• **EXERCISE OBJECTIVE**
When you copy the data that follows, reproduce every word exactly and leave out the images.

• **EXERCISE DATA**

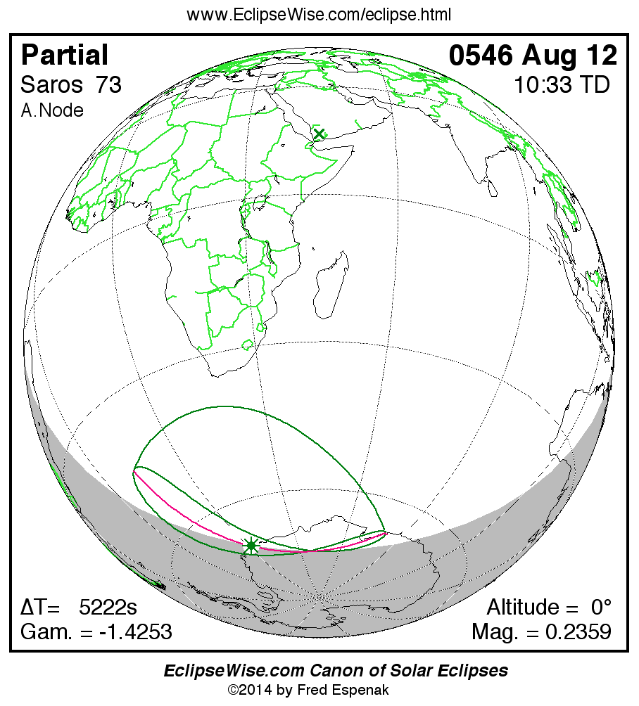Another solar eclipse occurs one synodic month after the 0546 Aug 12 eclipse. It is the partial solar eclipse of 0546 Sep 11.
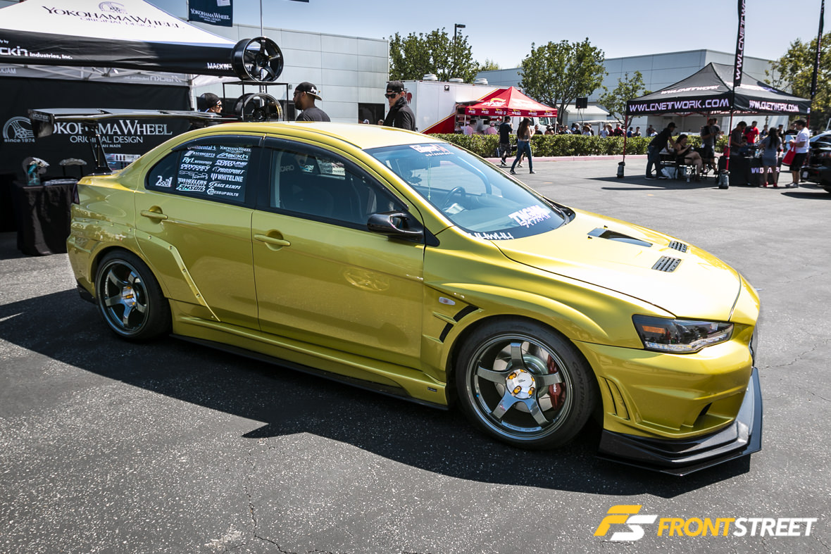 Sitting just adjacent to the dyno competition area was this wild EVO X. This former World Challenge GTS class competitor was owned and campaigned by GMG before being decommissioned and sold off to CSF CEO Ravi Dolwani, who commissioned MotoIQ Garage to rebuild the car to compete in various race series—time attack, drag racing, and high-speed events.
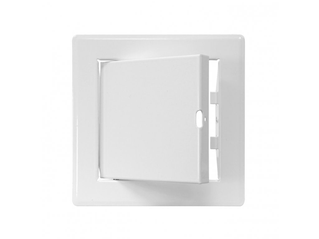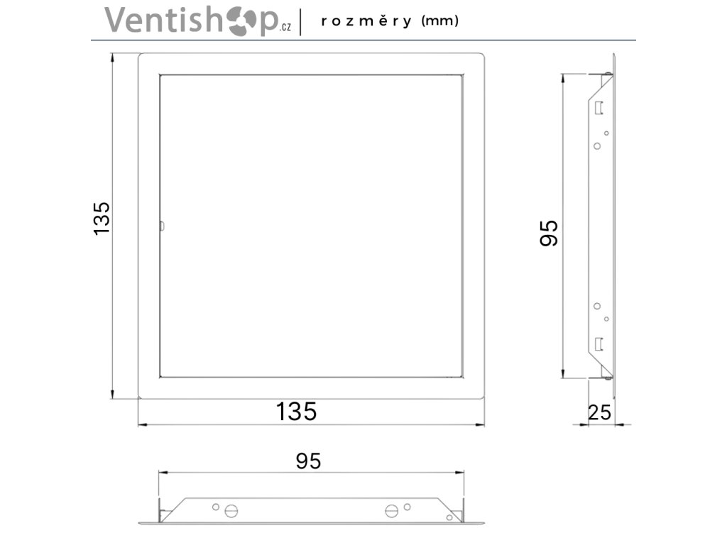Kovová revizní dvířka - 95 × 95 mm (Š × V) (bez rámu), vysoce odolné proti vlhkosti, polymerový nátěr, barva bílá, jako RAL 9016, ocel, čtvercový tvar, předpokládané umístění (zdivo, fasáda, stěna, strop soukromých i komerčních prostor), upevnění lepidlem či šrouby, instalační otvory, rozměry (+ rám) 135 × 135 mm (Š × V), hmotnost 0,163 kg

• **WORKED SOLUTION**
Another solar eclipse occurs one synodic month after the 0546 Aug 12 eclipse. It is the partial solar eclipse of 0546 Sep 11.
 Sitting just adjacent to the dyno competition area was this wild EVO X. This former World Challenge GTS class competitor was owned and campaigned by GMG before being decommissioned and sold off to CSF CEO Ravi Dolwani, who commissioned MotoIQ Garage to rebuild the car to compete in various race series—time attack, drag racing, and high-speed events.
Kovová revizní dvířka - 95 × 95 mm (Š × V) (bez rámu), vysoce odolné proti vlhkosti, polymerový nátěr, barva bílá, jako RAL 9016, ocel, čtvercový tvar, předpokládané umístění (zdivo, fasáda, stěna, strop soukromých i komerčních prostor), upevnění lepidlem či šrouby, instalační otvory, rozměry (+ rám) 135 × 135 mm (Š × V), hmotnost 0,163 kg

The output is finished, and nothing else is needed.